## WORK ORDER
Copy out exactly, from the entries that follow, the line holding "Укажите актуальный телефон, привязанный", the line holding "이 가운데 오늘(9일)", and all lines between them, but no pictures.

## INFORMATION SHOWN
══════════════════════════════

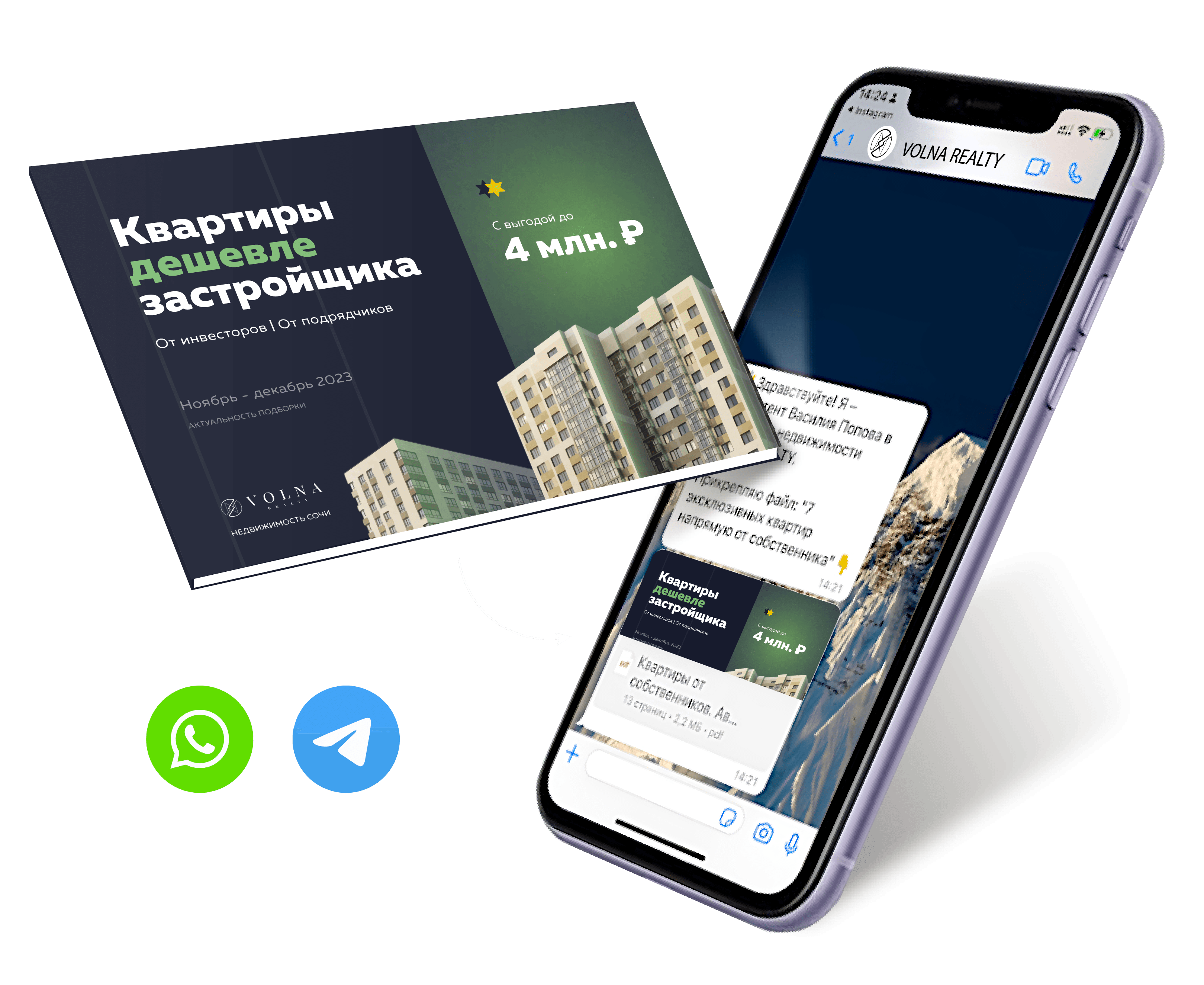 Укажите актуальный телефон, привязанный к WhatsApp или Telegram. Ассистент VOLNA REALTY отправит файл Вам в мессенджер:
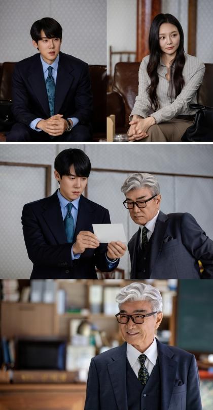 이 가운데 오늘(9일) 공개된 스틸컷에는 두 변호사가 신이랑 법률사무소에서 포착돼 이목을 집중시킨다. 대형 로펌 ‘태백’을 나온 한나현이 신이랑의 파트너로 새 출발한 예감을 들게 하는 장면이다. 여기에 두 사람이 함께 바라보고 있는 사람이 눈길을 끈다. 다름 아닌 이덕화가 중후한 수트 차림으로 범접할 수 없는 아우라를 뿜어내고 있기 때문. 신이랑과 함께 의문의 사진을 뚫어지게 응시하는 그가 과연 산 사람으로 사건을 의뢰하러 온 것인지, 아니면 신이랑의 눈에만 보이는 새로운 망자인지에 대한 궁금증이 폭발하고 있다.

══════════════════════════════

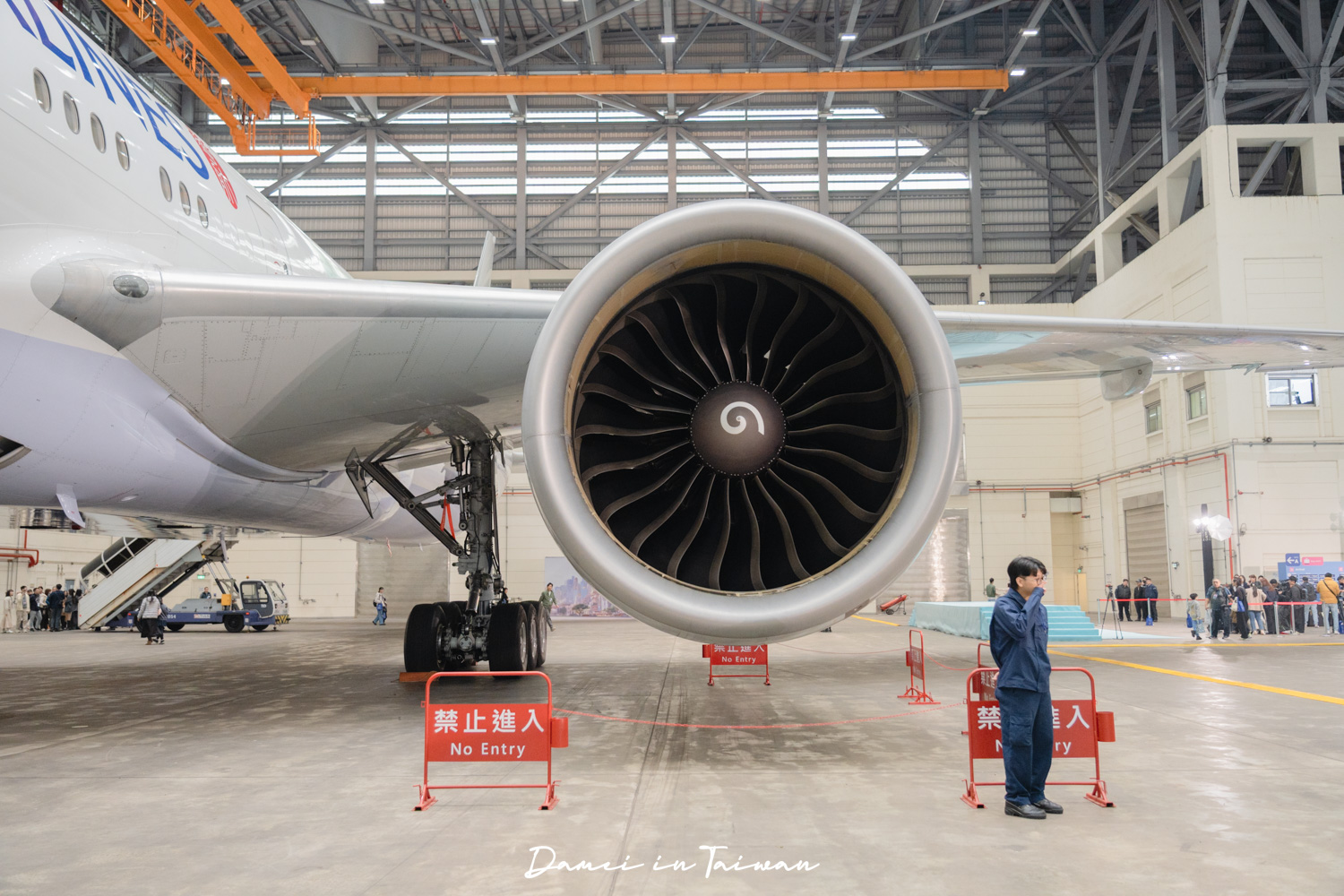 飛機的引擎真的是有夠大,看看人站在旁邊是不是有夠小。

══════════════════════════════

## THE ANSWER
 Укажите актуальный телефон, привязанный к WhatsApp или Telegram. Ассистент VOLNA REALTY отправит файл Вам в мессенджер:
 이 가운데 오늘(9일) 공개된 스틸컷에는 두 변호사가 신이랑 법률사무소에서 포착돼 이목을 집중시킨다. 대형 로펌 ‘태백’을 나온 한나현이 신이랑의 파트너로 새 출발한 예감을 들게 하는 장면이다. 여기에 두 사람이 함께 바라보고 있는 사람이 눈길을 끈다. 다름 아닌 이덕화가 중후한 수트 차림으로 범접할 수 없는 아우라를 뿜어내고 있기 때문. 신이랑과 함께 의문의 사진을 뚫어지게 응시하는 그가 과연 산 사람으로 사건을 의뢰하러 온 것인지, 아니면 신이랑의 눈에만 보이는 새로운 망자인지에 대한 궁금증이 폭발하고 있다.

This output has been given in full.